→ TASK INSTRUCTIONS
Quote the listing below in full and exactly as written, but omit every picture.

→ COLLECTED MATERIAL
######

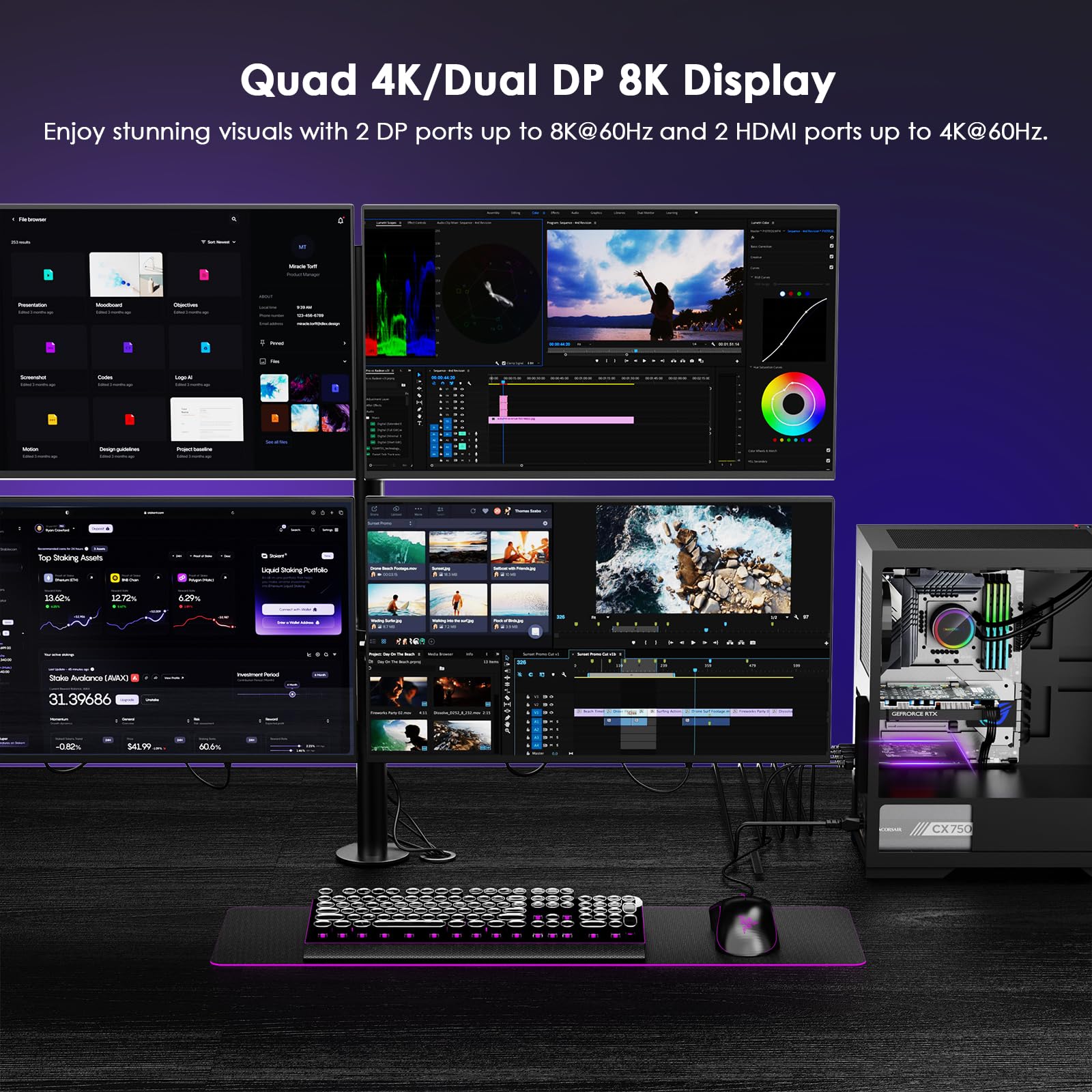 -【Quad 4K/Dual DP 8K】 Experience stunning visuals with 2 DisplayPort and 2 HDMI ports, each supporting up to 8K@60Hz/4K@144Hz(DP 1 with DSC), 8K@60Hz/4K@120Hz(DP 2), 4K@60Hz(HDMI 1/2) resolution. Supports mirror and extend modes, enhancing productivity in work or entertainment. Get seamless performance from this high-end computer Monitor cards solution
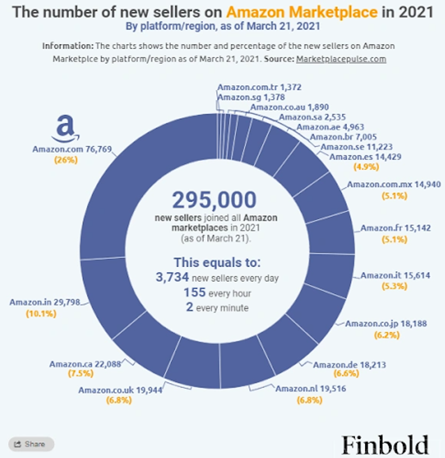 而且,由于去年亚马逊卖家普遍都赚到钱了,吸引了众多行业外的目光,导致今年新卖家的数量呈几何式的增长,除了个人创业者以外,很多大资本以及有供应链优势的工厂贸易商也都纷纷入局,光今年第一季度的新卖家增量,就快赶上去年的总和了。
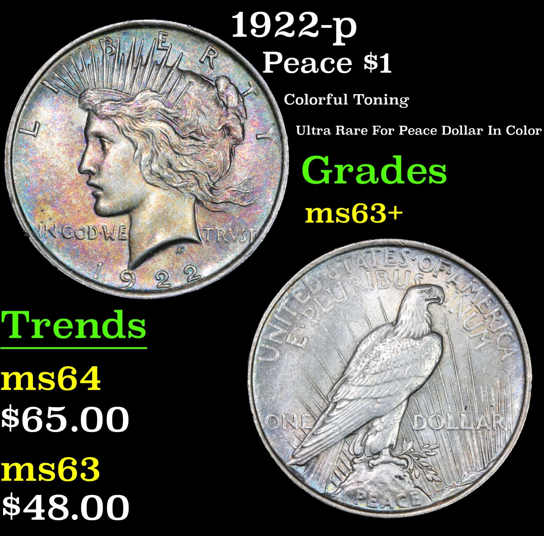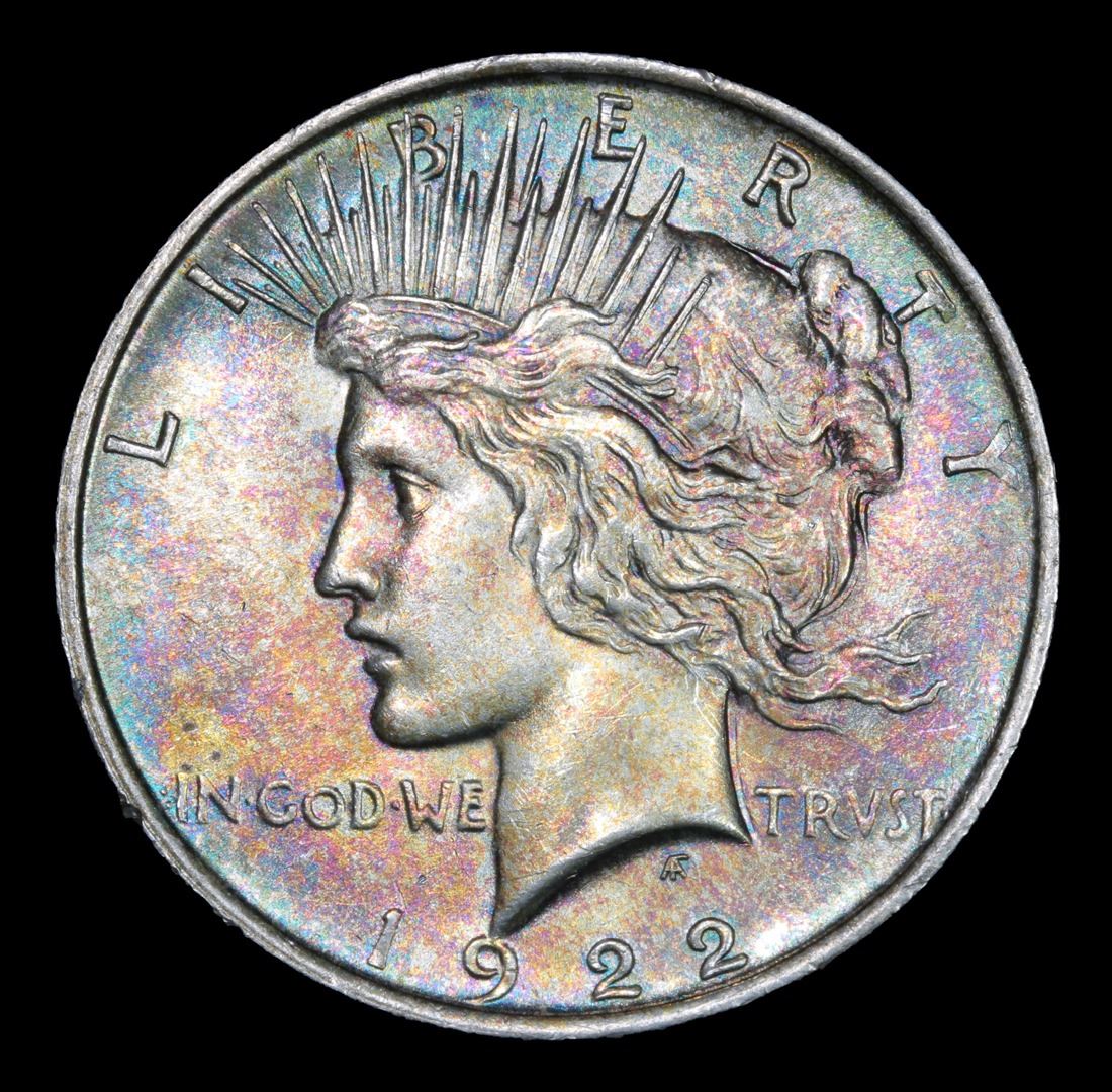 1922-p Colorful Toning Ultra Rare For Peace Dollar In Color Peace Dollar $1 Grades Select+ Unc. A Corey's Pick, Bid to Win, Don't let it get Away Coin
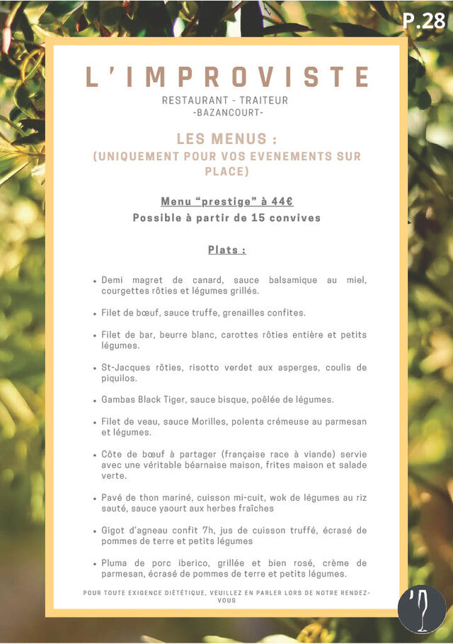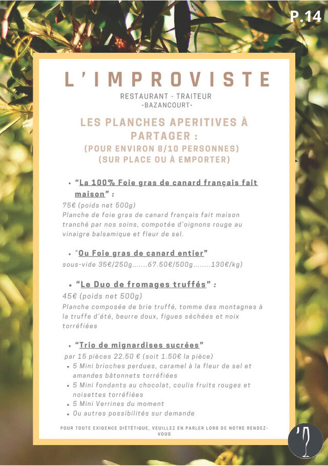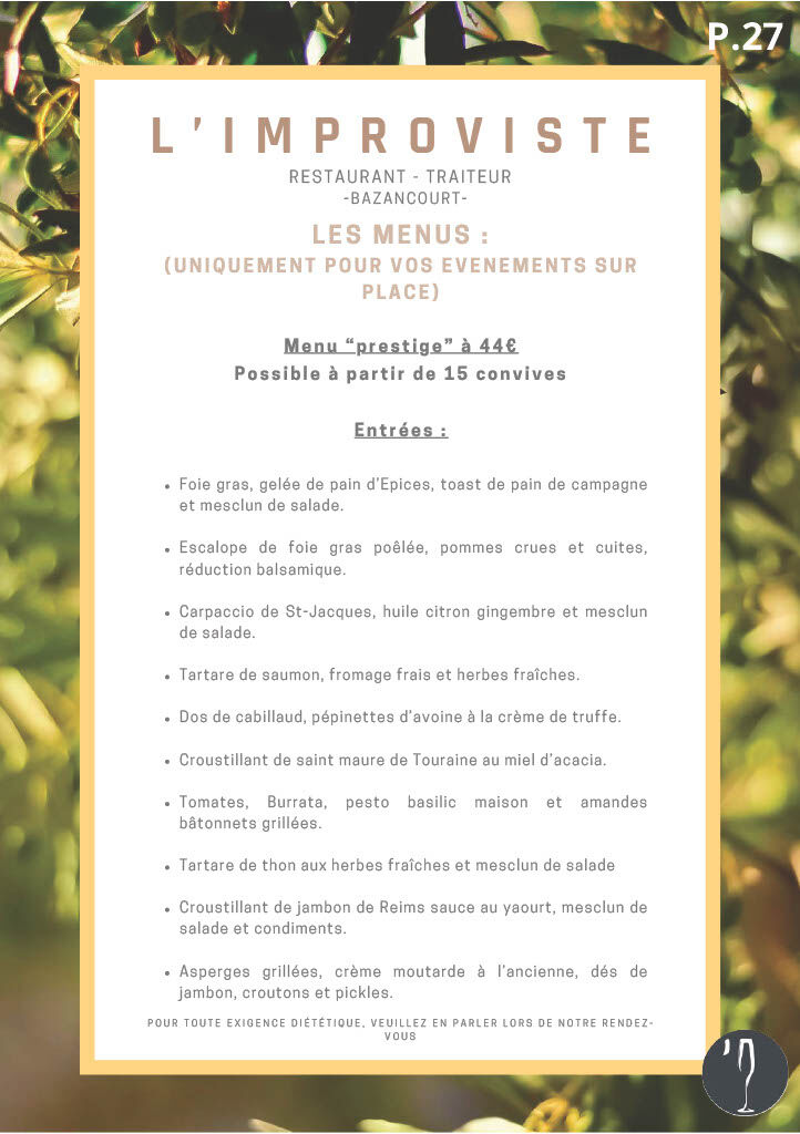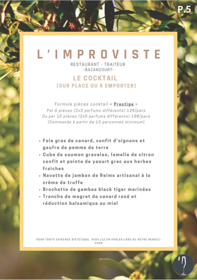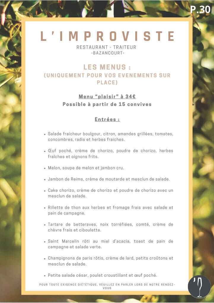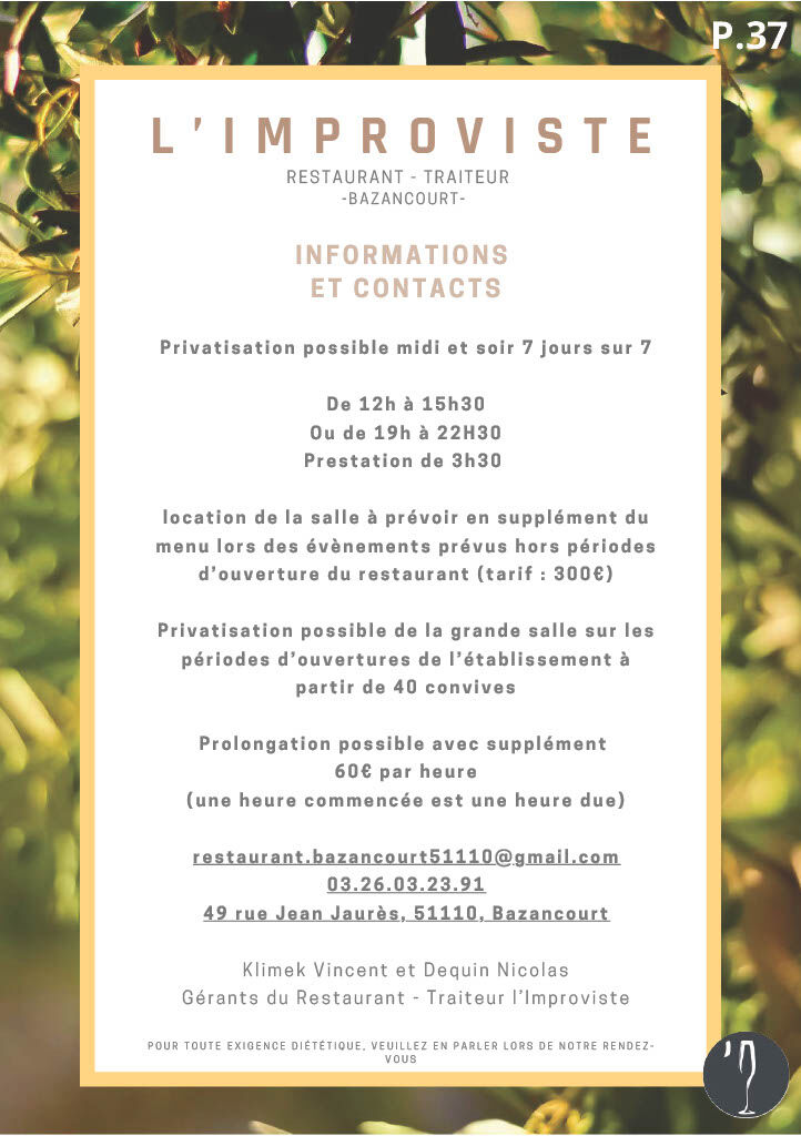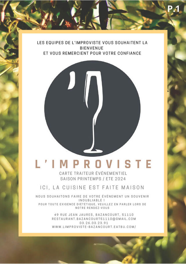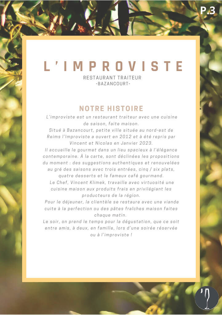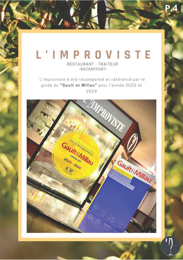 À Bazancourt, petite ville située au nord-est de Reims, l’Improviste accueille le gourmet dans un lieu spacieux à l’élégance contemporaine. À l’ardoise, la carte décline les propositions de la semaine : des suggestions authentiques et renouvelées au gré des saisons avec trois entrées, cinq plats, trois desserts et le fameux café gourmand. Le Chef, Vincent Klimek, travaille avec virtuosité une cuisine maison aux produits frais en privilégiant les producteurs de la région. Pour le déjeuner, la clientèle se restaure avec une viande cuite à la perfection ou des pâtes fraîches maison à la crème d’asperges blanches. Le soir, on prend le temps pour la dégustation que ce soit entre amis, à deux, en famille, lors d’une soirée réservée ou à l’improviste !

######

→ TASK ANSWER
 -【Quad 4K/Dual DP 8K】 Experience stunning visuals with 2 DisplayPort and 2 HDMI ports, each supporting up to 8K@60Hz/4K@144Hz(DP 1 with DSC), 8K@60Hz/4K@120Hz(DP 2), 4K@60Hz(HDMI 1/2) resolution. Supports mirror and extend modes, enhancing productivity in work or entertainment. Get seamless performance from this high-end computer Monitor cards solution
 而且,由于去年亚马逊卖家普遍都赚到钱了,吸引了众多行业外的目光,导致今年新卖家的数量呈几何式的增长,除了个人创业者以外,很多大资本以及有供应链优势的工厂贸易商也都纷纷入局,光今年第一季度的新卖家增量,就快赶上去年的总和了。
 1922-p Colorful Toning Ultra Rare For Peace Dollar In Color Peace Dollar $1 Grades Select+ Unc. A Corey's Pick, Bid to Win, Don't let it get Away Coin
 À Bazancourt, petite ville située au nord-est de Reims, l’Improviste accueille le gourmet dans un lieu spacieux à l’élégance contemporaine. À l’ardoise, la carte décline les propositions de la semaine : des suggestions authentiques et renouvelées au gré des saisons avec trois entrées, cinq plats, trois desserts et le fameux café gourmand. Le Chef, Vincent Klimek, travaille avec virtuosité une cuisine maison aux produits frais en privilégiant les producteurs de la région. Pour le déjeuner, la clientèle se restaure avec une viande cuite à la perfection ou des pâtes fraîches maison à la crème d’asperges blanches. Le soir, on prend le temps pour la dégustation que ce soit entre amis, à deux, en famille, lors d’une soirée réservée ou à l’improviste !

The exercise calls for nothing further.